I have to say, I’ve really been enjoying it – it’s a much better thought out course than the Basic Crewel course I moaned about last year. The projects are small and quite reasonably sized and the research reports (one for each subject) are a reasonable length for an intermediate level class.
Thus far, I’ve tackled Broderie Anglaise, Monograms, Cutwork, Hedebo, Mountmellick and Ayrshire embroidery.
My favourites have definitely been the Broderie Anglaise and the cutwork. Seriously, I had no idea that cutting holes in fabric could be so much fun!
I’ve got some gorgeous white linen that’s burning a hole in my stash. I really, really want to make a cutwork table runner but a few things are stopping me. First off, my dissertation. I’m more than half way done, but that third remaining chapter isn’t going to write itself (sadly – a self-writing dissertation would be awwwesome!) This means I need another big project like I need another hole in my head. I’ve got two smocked dresses, and three quilts in various stages plus my all my academic obligations. Tackling another project won’t help either goal. So I am resisting…for now…
My least favourite has definitely been Mountmellick. It’s the thread. It’s not mercerized and it’s just thick and it feels yucky and stiff in my hands. It’s kind of like embroidering with butcher’s twine. The technique itself is quite pretty and the book I’m using — Yvette Stanton’s Mountmellick Embroidery: Inspired by Nature — is wonderful. Great instructions, lots of wonderful stitches and some really lovely projects. And Tanja Berlin’s mail order services were wonderful, too. I just don’t like how the materials feel in my hands and hand embroidery is definitely a tactile process. If the hands don’t like it, it doesn’t matter what your head says.
I already know I won’t be doing more Hedebo in the future, either. Not that I minded it – the knotted edge stitch was quite cool and I liked the folk vibe – it’s kind of like if Hardanger and Schwalm had a baby, it would be Hedebo – but it was an academic appreciation, rather than a ‘ooh, cool! I’ve gotta try doing more of this’. I’m glad I learned about it, I’ll be able to identify it in the future but I’m Hedebo’d out.
It’s also been nice working with a whole bunch of different threads. I’m in love with Marie Suarez’s No. 80 floche. It’s like butter, but better. Better, never bitter, butter I’ve also got really fond of the DMC Coton a Broder. It’s just a nice handling, nice looking thread. I’ve used the #16, the #20, #25 and #30, just to get an idea of the coverage of each. I prefer the #30 but since only the #25 comes in a range of colours, that’s what I’ll use if I ever tackle the big cutwork project that I’m definitely, probably, well-maybe not going to start any time soon.

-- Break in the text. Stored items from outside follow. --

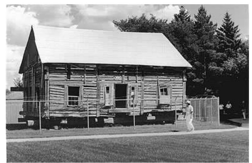
Delorme house (built in 1850s) was moved from River Lot 21 at Pointe Coupée (St. Adolphe) to its present location at St. Norbert Provincial Heritage Park. The house has a post and sill construction known as Red River frame construction.
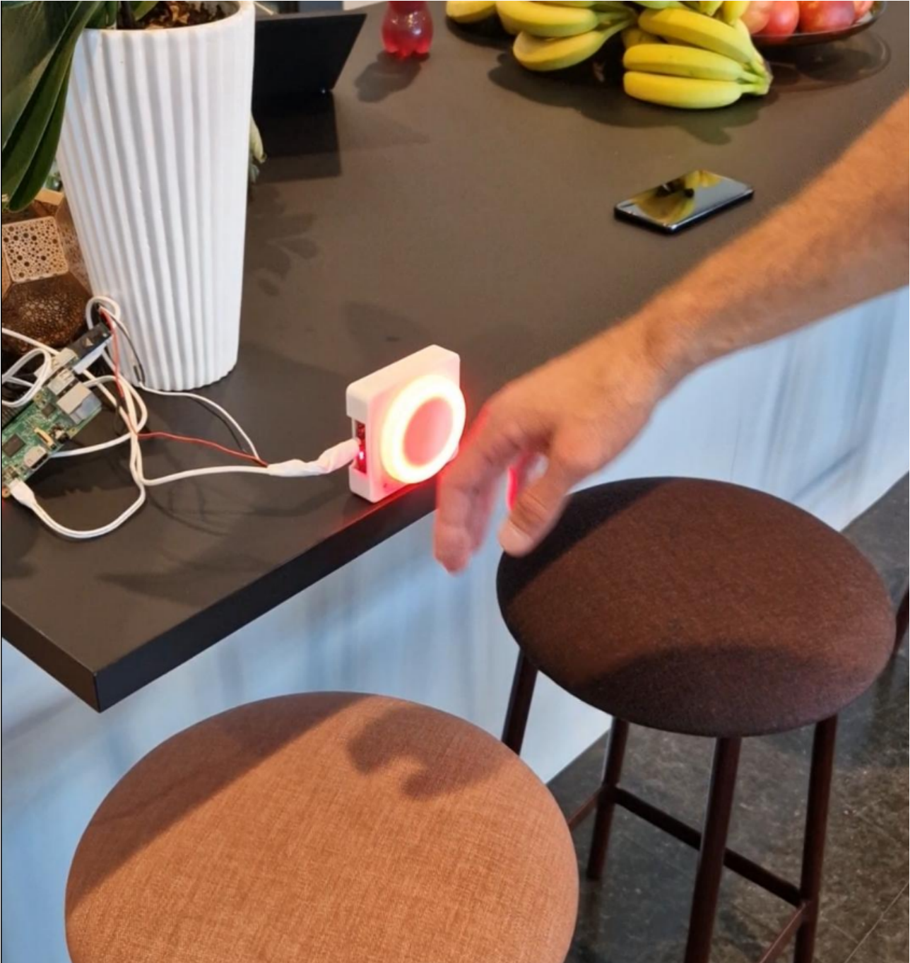
Figure 3: Shows the setup and action used in the persons test.
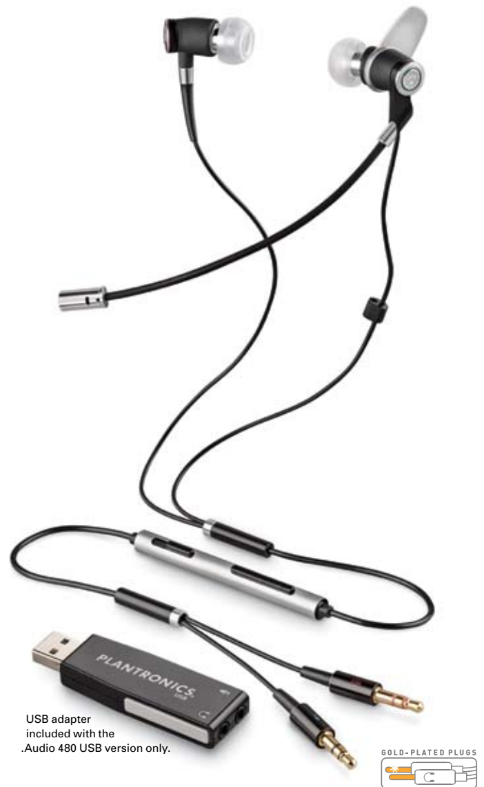
USB adapter included with the .Audio 480 USB version only.
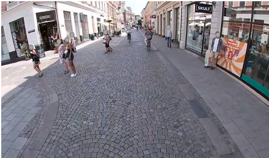
Fig. 1. Illustration of Shared Space for Data Collection.

categorical, continuous, nominal, and combinations of these types) without prior standardization, preventing bias in the results. The most important advantage of the latent class modelling, however, is that observations are allowed to belong to all classes with different probabilities. This is in sharp contrast with the conventional clustering techniques which deterministically separate the data into clusters.
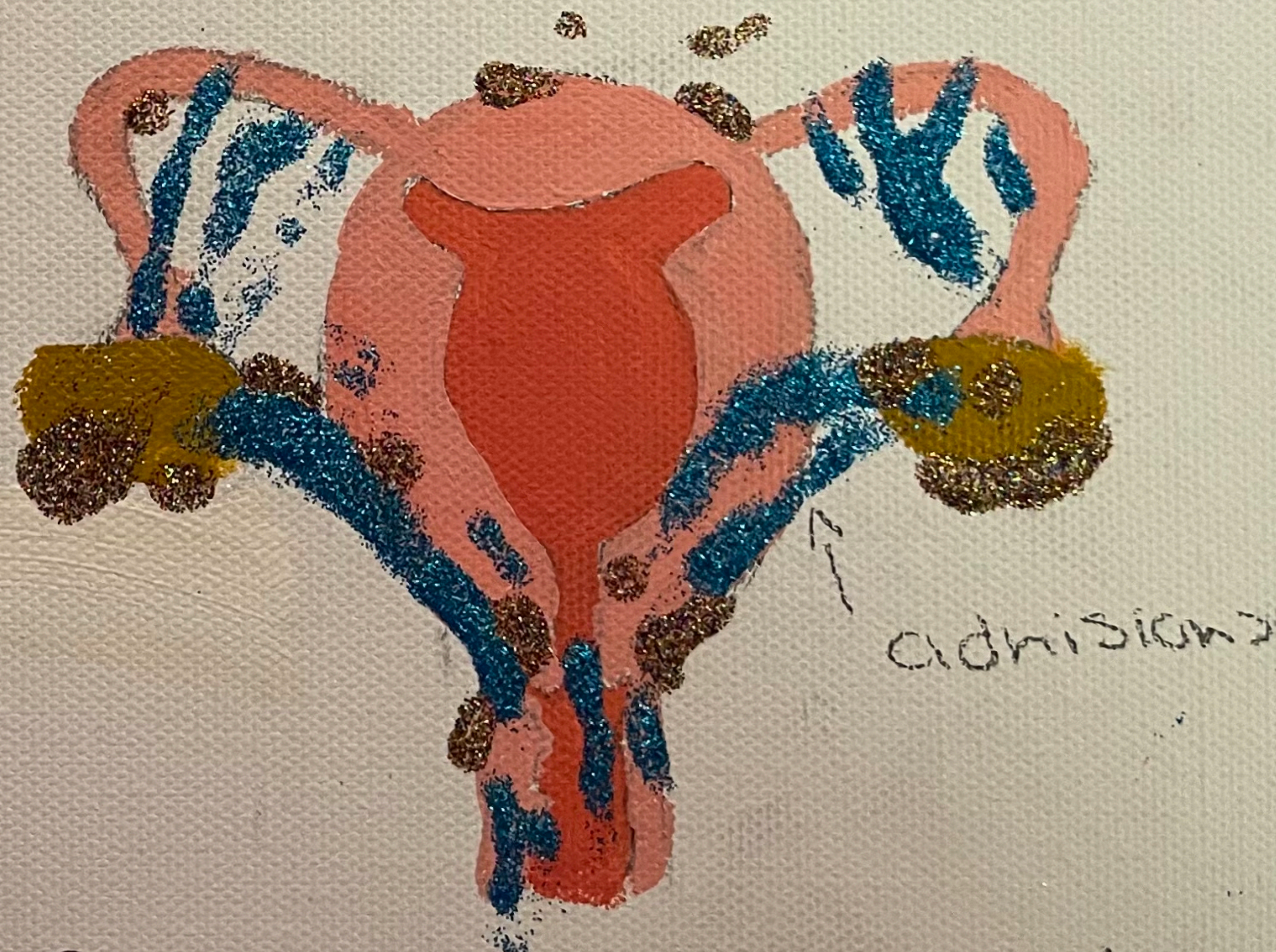
Stage 4 (severe)
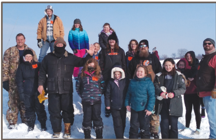
Youth from Warren and Elizabeth UMC enjoyed some winter fun sledding as a “thank you” for their volunteerism the past year.
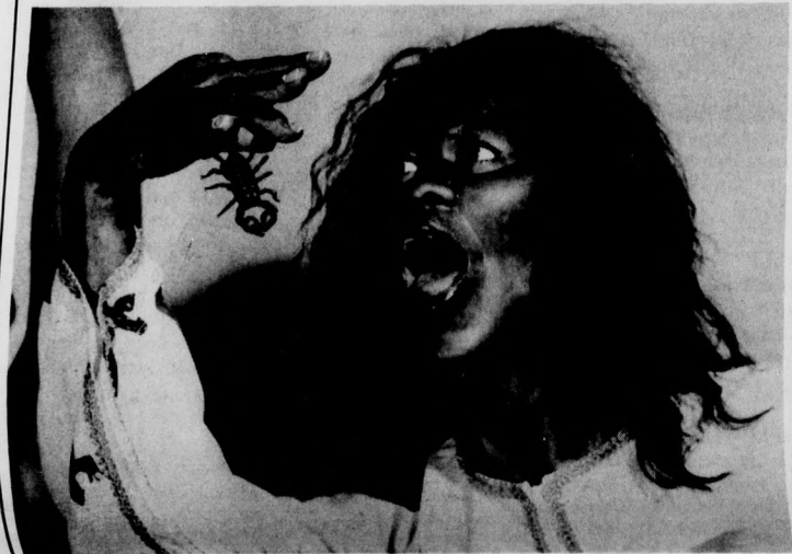
MMMMM, THAT LOOKS TASTY—Morroccan street begger makes his living eating scorpions for money, and gets some extra protein in the bargain.

The animal world is well represented by features like the three-legged horse. There are also exhibits honoring torture devices of the middle ages [in- the world's smallest camera. The Ripley's Believe It Or Not Museum is an attraction that will appeal to all ages. If you're ever downtown, visit the mus-

And here’s a sneak peek at my ‘final project’ for my EAC course. I’ve been stitching away on this Broderie Blanche dress panel for the past couple of months, on and off. I’ve got plans for an heirloom dress with lace bands. Isn’t it pretty? It’s my own design, inspired by a couple of different designs from Martha Pullen and Sarah Howard Stone’s books on heirloom and French hand sewing.
I made a sample and tried the stitching with DMC#16 floche, and then the MS #60, #80 and #120. I loved the #120 but it was so fine, I knew stitching with it would be like trying to empty the ocean with a teaspoon. The #60 is pretty comparable to DMC’s #16 (clearly, it’s a different numbering system). It would have worked but I liked the results of the #80 best, so that’s what I’ve been working it all with.
The scale is very tiny – each leaf is about 1/4″ x 1/8″ inch – flowers are all between 1/4″ and 3/8″; the biggest centre flower is around 5/8″. I’ve got another couple of evenings stitching ahead but I’m nearly done. Four or five more flowers, one more eyelet chain, and a couple of leaves. Then it’s on to the construction.
I stitch with a magnifier, of course, and this is where the super fine floche really shines. It’s just so easy to get the fine details with the thread. I’ve timed myself. Each leaf takes about 10 minutes to stitch; a flower takes about 18 to 20 minutes.